Either way, I hope you all are as excited about this season as I am for Quarterback God being backed up by Quarterback Jesus, seventeen SEC schools on the preseason top ten lists, blown out knees instead of mind-blowing concussions, murder trials, college program probation watches…you know: football.
Without further ado, let’s get our road map going on the list of inevitable football factoids:
- Tom Brady and company will lose a game to a bad AFC East team and Boston will uniformly scream for more Tebow.
- The Chicago Bears defense will score a touchdown in week one, spurning the headline: “Defense Dominates – Bears Win In Spite of Cutler”.
- A 2012 NFL bottom feeder will start at least 4-1 causing tremendous excitement for the home fans before finishing 1-10. (I’m looking at you, Cleveland)
- Tom Brady responds with seven straight wins and a 5:1 touchdown to interception ratio.
- Charlie Weis will have snot on his upper lip for at least 45 seconds of on-air time per game.
- A former University of Florida football player will be arrested, not counting additional charges to Aaron Hernandez.
- You will think your fantasy football team name is far better than it is. (Mine is The Le’veon Bell of the Montee Ball. I’m awesome, I know.)
- Lou Holtz will be called a homer by Mark May…and it will be accurate.
- SEC fans will annoy you.
- Week One in the NFL will include at least one head-shot fine and two botched referee calls in the endzone.
- Johnny Manziel will get in trouble for something; TAMU will follow SEC policy of not penalizing him.
- Notre Dame will somehow be both over- and under-rated.
- A mediocre Pac-12 team will skyrocket to the top 15 before disappearing from the rankings within the next three weeks. (‘Sup Arizona State)
- You will hear about all of these teams getting over the hump this season, yet none of them actually will: Kansas City Chiefs, Miami Dolphins AND Hurricanes, Cleveland Browns, Detroit Lions, Tennessee Titans, Tampa Bay Bucs, Michigan State, Nebraska, Mississippi State.
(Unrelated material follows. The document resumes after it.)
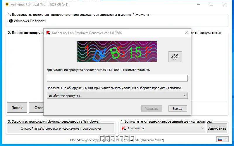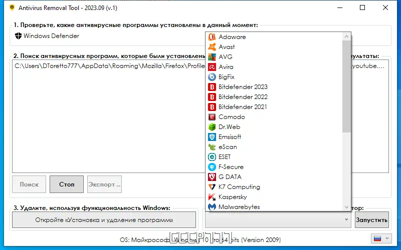 - Программа автоматически сканирует систему на наличие установленного антивирусного ПО и предлагает соответствующий деинсталлятор.

- At least one team in the BCS Championship game won’t be the right one.
- The ACC will be insanely over-hyped.
- There should be at least three SEC teams in the BCS Championship game.
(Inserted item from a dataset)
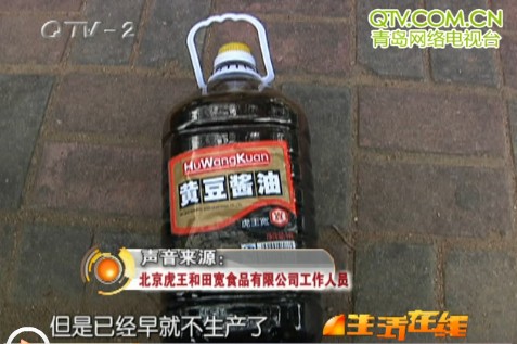 记者观察了一下,发现货架上销售的这批黄豆酱油,生产日期大都是5月。而知情人小朱曾告诉记者,他上班时就有一批5月份的北京酱油虎王宽黄豆酱油,是用过期酱油灌装的,几天前刚刚发到麦德龙。记者以酒店采购的名义,和推销员聊了起来,对方口若悬河的推荐了这种五升装的虎王宽黄豆酱油。听这位的口气,五升装的虎王宽黄豆酱油绝对是上乘之品。不过,这些生产日期标注为5月份的酱油,到底是永生调料公司自己灌装的,还是从北京公司批发来的呢?记者随即拨通了出品商北京虎王和田宽食品有限公司的电话。厂家代表说,因为销路不好,五升装的虎王宽黄豆酱油早在半年前就不生产了。厂家停产半年的酱油,如今却印着两个月前的生产日期,出现在卖场的货架上,其中的缘由可想而知。更让人气愤的是,与此同时,永生调料的仓库里,工人们还在明目张胆的灌装着虎王宽黄豆酱油。除了酱油,记者发现,工人们还在灌装一种虎王和田宽料酒?再跟厂家联系,对方的回答,更明白。

- The Big Fourteen Ten is overrated.
- Notre Dame will play at least ten bowl teams yet be told they play a cupcake schedule.
- Roger Goodell will be accused of not liking the players.
- Jerry Jones will wonder why his money doesn’t buy him championships anymore.
- Mark May will still be an idiot.
- The bowl games will suck until January.
And one not-so-brave prediction: Jadeveon Clowney will be so good for South Carolina this year that he’ll be the first player to win the Heisman and the NFL Rookie of the Year in the same season.